Catena 2019 v.174 pp. 383-398
autumn, biodiversity, coal, land restoration, mining, population growth, runoff, sediment deposition, sediment transport, sediment yield, sediments, storms, subwatersheds, terraces, vegetation, yields
San Juan Coal Company reclaimed 743 ha at its La Plata Mine using the GeoFluv™ fluvial geomorphic reclamation design method from 1999 through 2008 to achieve long-term stability against erosion (no major slope blowouts and rill and gully formation), reduced maintenance, and increased biodiversity as compared to traditional reclamation methods (e.g. terrace, berm, and downdrain designs). Qualitative inspections of the completed reclamation confirmed the fluvial geomorphic reclamation method benefits. In the fall of 2011, the company began implementing a research study to quantify the sediment production rate from these geomorphic landforms and surrounding undisturbed native lands.Data were acquired from subwatersheds differentiated as native (undisturbed by mining), fluvial geomorphic design with topdressing and poorly established vegetation, and fluvial geomorphic design with topdressing and significant vegetation establishment.
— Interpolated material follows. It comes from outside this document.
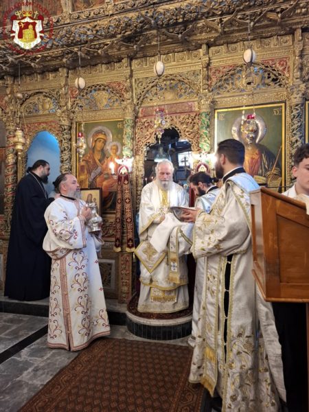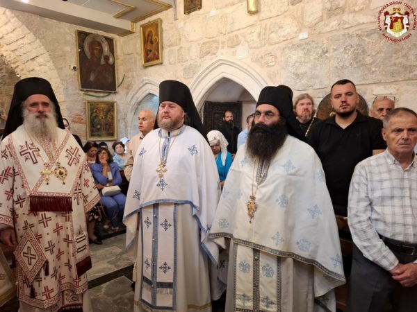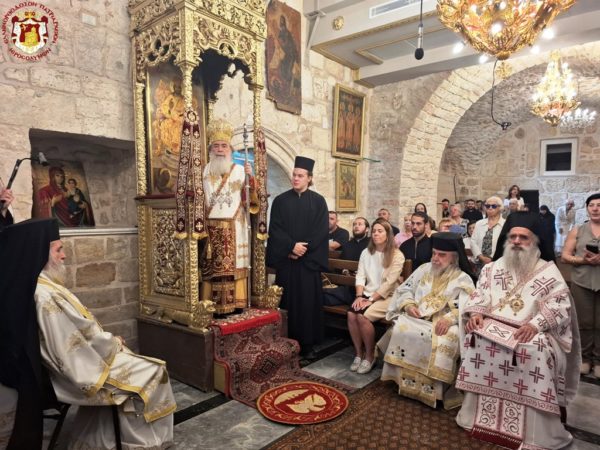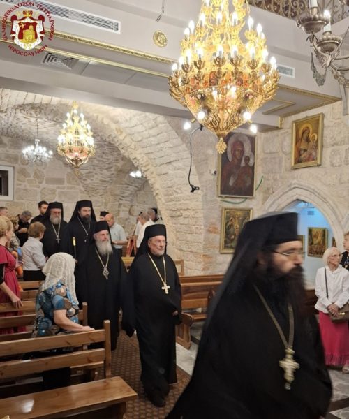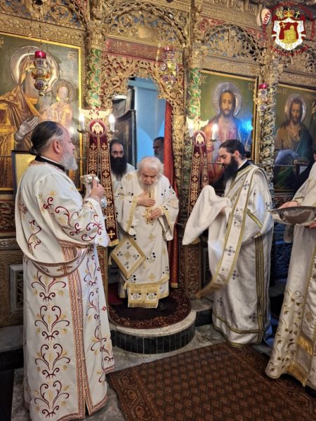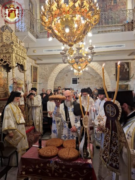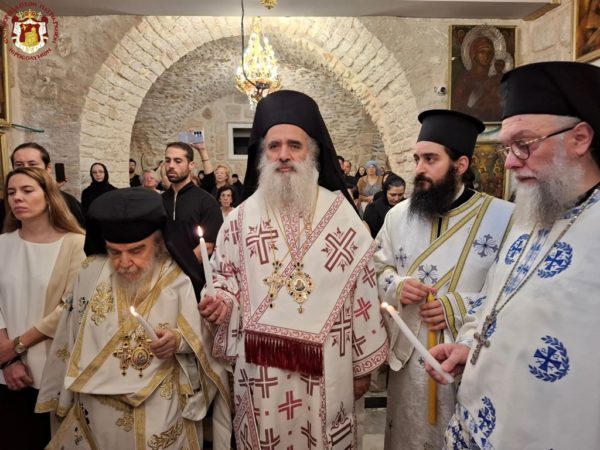 On the morning of the feast, the Divine Liturgy was presided over by His Beatitude our Father and Patriarch of Jerusalem, Theophilos, concelebrated by His Eminence Metropolitan Isychios of Capitolias, His Eminence Archbishop Aristarchos of Constantina, and His Eminence Archbishop Theodosios of Sebastia, together with Hieromonks of the Holy Sepulchre Fathers — among whom first was the Elder Kamarasis, Archimandrite Nektarios — and the priests of the holy Church, Priests George, Charalambos, and Nektarios.

The three subwatersheds were selected to ensure similar size, aspect, and slope and were located close together to minimize storm variation effects. Temporary check-dam-type sediment control structures designed to impound runoff from a 2-yr, 1-h storm were installed at each subwatershed outlet. Erosion pins in the impounded area facilitated sediment deposition measurement. Precipitation was recorded by the La Plata Mine Meteorological Station and supplemental site-specific precipitation gauges.Precipitation sufficient to cause sediment transport provided data for the end of the 2012, all of the 2013, and the beginning of the 2014 water years. The site data provided direct relationships between sediment production and precipitation. The sediment yield from the undisturbed native site was 9.53 t ha−1 yr−1, while the fluvial geomorphic design with topdressing and poorly established vegetation site averaged 13% lower than the native site, and the fluvial geomorphic design with topdressing and significant vegetation establishment averaging 41% lower sediment yield than the native site. Land-disturbing activities that can accelerate erosion and sediment yield will accompany global population growth. The results of this study indicate that use of this land reclamation method can mitigate erosion and sediment yield increases associated with that growth.